Assigned task ▸ In the material below, the lines between the one holding "Label printing jobs" and the one holding "理事长姜波、校长李映方为寿星教职工们颁发生日礼物", inclusive, are to be set down word for word. Pictures stay out.

Stored data ▸
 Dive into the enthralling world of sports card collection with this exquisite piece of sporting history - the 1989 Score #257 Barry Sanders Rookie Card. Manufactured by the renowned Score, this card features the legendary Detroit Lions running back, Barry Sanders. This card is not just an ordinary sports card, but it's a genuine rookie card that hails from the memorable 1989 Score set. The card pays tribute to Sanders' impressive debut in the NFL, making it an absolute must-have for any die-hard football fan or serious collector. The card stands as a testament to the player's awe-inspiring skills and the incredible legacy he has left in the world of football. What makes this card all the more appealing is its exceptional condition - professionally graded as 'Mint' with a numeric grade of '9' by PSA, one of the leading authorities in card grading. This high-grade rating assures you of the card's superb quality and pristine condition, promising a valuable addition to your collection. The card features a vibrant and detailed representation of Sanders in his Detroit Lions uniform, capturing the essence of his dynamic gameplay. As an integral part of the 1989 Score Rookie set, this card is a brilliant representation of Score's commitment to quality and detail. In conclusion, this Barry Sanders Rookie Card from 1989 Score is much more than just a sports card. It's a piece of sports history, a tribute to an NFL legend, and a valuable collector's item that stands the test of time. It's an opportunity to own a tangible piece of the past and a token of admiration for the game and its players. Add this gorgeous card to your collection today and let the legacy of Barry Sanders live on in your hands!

...

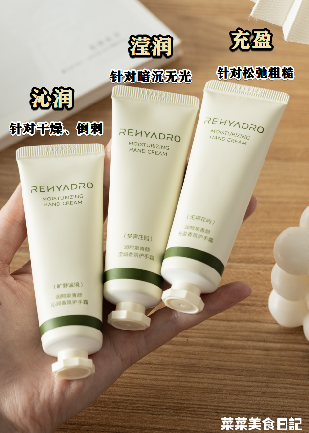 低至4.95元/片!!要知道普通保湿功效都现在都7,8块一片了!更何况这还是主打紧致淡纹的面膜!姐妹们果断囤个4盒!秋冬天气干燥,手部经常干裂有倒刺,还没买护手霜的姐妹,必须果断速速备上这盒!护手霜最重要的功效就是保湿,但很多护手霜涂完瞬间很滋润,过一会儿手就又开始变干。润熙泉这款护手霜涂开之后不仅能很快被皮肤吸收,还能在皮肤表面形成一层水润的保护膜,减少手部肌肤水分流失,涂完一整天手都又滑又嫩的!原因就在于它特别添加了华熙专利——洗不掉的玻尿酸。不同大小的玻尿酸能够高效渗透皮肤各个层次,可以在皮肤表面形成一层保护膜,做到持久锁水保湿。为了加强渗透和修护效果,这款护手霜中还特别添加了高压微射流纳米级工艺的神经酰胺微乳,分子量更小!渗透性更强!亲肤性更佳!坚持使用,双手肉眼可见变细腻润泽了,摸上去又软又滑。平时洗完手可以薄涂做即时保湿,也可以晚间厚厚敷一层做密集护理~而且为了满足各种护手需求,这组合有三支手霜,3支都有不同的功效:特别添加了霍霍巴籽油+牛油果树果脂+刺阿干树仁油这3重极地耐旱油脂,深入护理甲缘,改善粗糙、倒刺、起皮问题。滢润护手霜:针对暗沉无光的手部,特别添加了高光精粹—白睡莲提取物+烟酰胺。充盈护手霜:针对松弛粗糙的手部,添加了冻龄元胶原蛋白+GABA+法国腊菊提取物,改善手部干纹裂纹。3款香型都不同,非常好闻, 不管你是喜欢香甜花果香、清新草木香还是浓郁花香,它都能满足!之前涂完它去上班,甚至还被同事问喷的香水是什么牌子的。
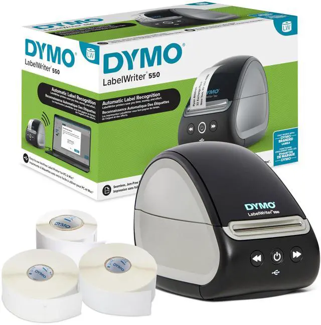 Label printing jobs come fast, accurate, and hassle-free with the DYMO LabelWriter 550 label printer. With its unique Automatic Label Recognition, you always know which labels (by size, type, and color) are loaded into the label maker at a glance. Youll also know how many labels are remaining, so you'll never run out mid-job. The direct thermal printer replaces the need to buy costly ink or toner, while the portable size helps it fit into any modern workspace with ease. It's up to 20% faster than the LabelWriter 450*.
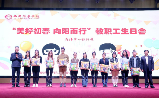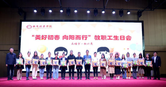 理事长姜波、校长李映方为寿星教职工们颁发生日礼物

---

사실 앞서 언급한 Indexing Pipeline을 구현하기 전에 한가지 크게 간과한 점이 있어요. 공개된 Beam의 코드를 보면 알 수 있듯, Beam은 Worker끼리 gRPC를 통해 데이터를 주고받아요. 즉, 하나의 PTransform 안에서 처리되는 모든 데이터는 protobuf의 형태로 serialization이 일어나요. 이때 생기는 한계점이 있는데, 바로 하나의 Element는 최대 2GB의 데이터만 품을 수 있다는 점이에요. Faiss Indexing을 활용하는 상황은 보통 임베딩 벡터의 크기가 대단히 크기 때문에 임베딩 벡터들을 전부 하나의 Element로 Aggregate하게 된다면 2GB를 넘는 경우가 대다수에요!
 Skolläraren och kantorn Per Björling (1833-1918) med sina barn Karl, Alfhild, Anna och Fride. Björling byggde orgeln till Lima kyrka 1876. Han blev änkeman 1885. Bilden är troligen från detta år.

Exercise solution ▸
 Label printing jobs come fast, accurate, and hassle-free with the DYMO LabelWriter 550 label printer. With its unique Automatic Label Recognition, you always know which labels (by size, type, and color) are loaded into the label maker at a glance. Youll also know how many labels are remaining, so you'll never run out mid-job. The direct thermal printer replaces the need to buy costly ink or toner, while the portable size helps it fit into any modern workspace with ease. It's up to 20% faster than the LabelWriter 450*.
 理事长姜波、校长李映方为寿星教职工们颁发生日礼物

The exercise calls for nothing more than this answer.